▶

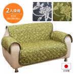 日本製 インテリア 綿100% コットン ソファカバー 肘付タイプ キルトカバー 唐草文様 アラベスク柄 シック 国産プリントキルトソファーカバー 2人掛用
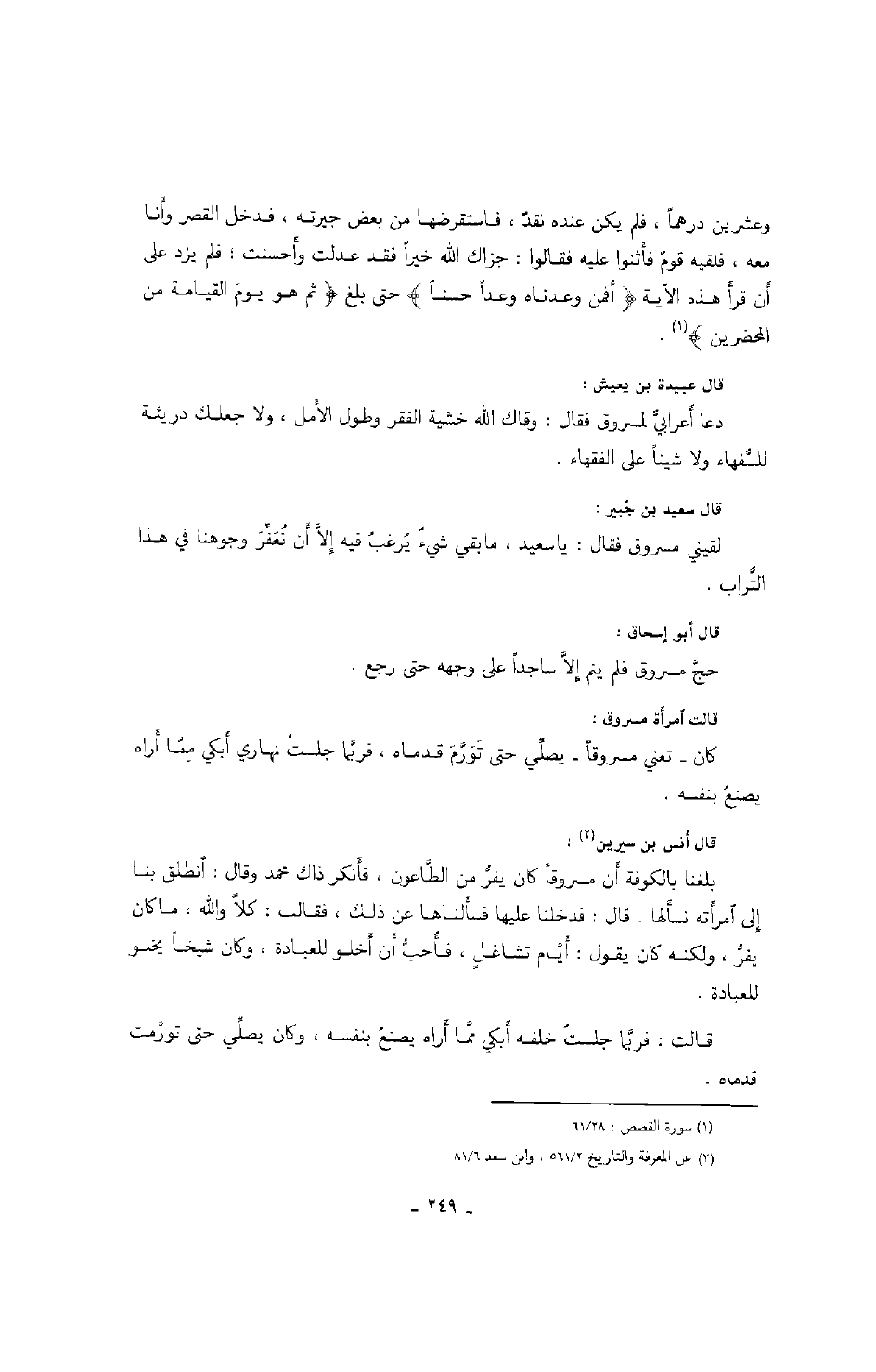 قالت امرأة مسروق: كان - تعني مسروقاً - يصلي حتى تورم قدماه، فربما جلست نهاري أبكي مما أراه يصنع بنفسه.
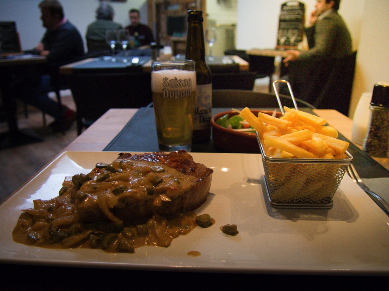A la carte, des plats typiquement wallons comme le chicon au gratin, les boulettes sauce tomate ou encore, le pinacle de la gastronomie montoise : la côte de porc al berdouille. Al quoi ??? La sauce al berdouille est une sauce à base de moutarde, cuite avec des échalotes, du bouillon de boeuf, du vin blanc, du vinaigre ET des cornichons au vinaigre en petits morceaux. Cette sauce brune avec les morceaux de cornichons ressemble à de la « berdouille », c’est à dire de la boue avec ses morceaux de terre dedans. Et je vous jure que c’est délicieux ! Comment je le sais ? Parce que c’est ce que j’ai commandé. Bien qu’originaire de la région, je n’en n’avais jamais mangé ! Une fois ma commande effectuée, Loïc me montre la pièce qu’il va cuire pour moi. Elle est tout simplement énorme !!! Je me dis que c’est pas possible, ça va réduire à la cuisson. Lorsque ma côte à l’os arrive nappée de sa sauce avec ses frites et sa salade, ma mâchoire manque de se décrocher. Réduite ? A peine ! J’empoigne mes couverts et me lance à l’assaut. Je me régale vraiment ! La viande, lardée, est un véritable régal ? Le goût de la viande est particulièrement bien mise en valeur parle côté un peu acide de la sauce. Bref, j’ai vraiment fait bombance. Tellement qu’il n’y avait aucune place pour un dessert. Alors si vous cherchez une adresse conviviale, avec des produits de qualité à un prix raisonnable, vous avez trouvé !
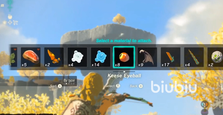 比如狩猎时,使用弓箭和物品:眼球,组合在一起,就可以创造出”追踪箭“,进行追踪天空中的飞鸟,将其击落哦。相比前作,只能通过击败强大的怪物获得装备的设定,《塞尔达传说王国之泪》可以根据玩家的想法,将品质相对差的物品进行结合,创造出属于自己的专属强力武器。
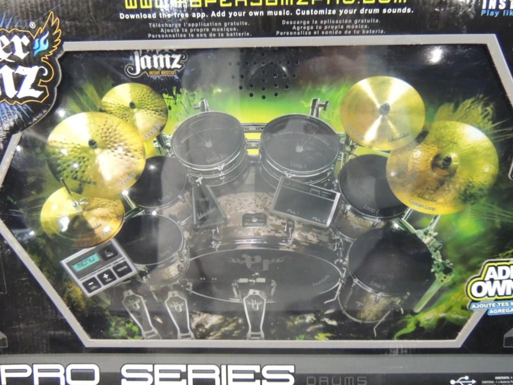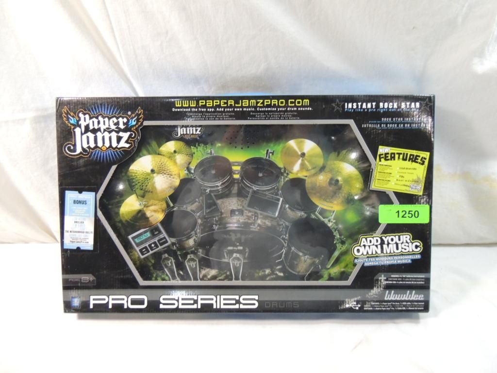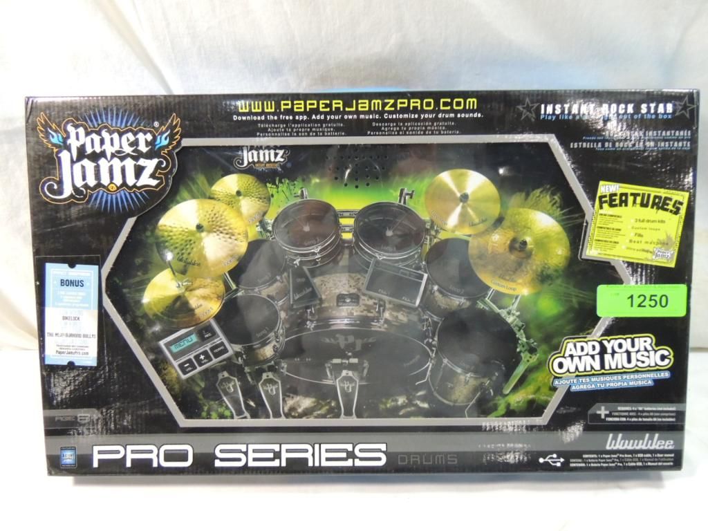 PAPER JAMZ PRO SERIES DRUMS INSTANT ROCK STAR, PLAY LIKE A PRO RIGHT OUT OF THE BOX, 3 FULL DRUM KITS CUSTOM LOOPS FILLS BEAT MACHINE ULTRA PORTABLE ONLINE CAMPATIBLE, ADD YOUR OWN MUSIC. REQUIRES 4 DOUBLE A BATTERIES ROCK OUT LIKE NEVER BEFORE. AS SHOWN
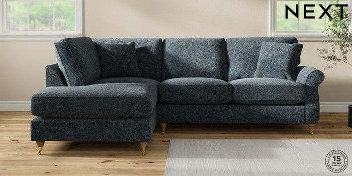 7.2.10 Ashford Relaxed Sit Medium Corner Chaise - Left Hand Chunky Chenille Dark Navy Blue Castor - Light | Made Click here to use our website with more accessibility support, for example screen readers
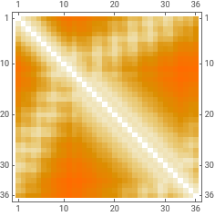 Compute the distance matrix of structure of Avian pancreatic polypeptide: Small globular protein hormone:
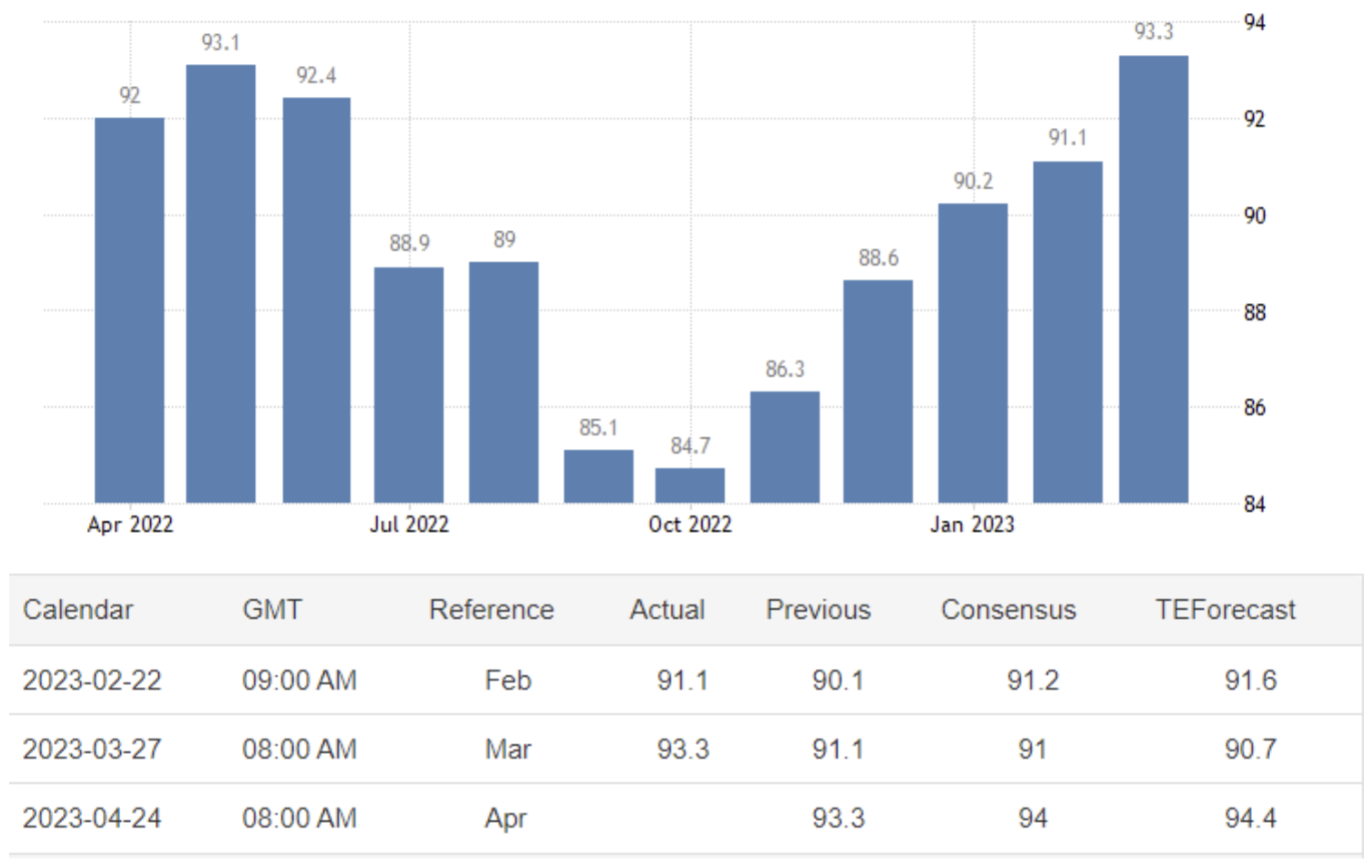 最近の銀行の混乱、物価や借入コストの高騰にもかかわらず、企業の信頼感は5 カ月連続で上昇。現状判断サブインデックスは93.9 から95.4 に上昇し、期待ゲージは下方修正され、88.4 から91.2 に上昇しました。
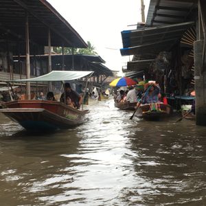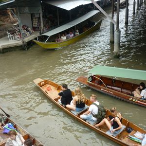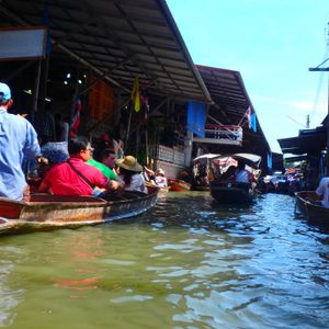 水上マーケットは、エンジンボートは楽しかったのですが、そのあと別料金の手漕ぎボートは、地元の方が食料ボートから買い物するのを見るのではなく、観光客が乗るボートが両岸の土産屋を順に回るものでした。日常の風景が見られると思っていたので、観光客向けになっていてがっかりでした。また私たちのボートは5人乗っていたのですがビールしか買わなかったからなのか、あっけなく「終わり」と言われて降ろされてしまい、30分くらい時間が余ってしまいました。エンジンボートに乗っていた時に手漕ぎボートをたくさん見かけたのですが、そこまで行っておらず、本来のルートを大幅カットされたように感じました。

◀

Repeat exactly the lines from the first line of the records above through the line containing "قالت امرأة مسروق: كان", both included. Leave out the pictures.

 日本製 インテリア 綿100% コットン ソファカバー 肘付タイプ キルトカバー 唐草文様 アラベスク柄 シック 国産プリントキルトソファーカバー 2人掛用
 قالت امرأة مسروق: كان - تعني مسروقاً - يصلي حتى تورم قدماه، فربما جلست نهاري أبكي مما أراه يصنع بنفسه.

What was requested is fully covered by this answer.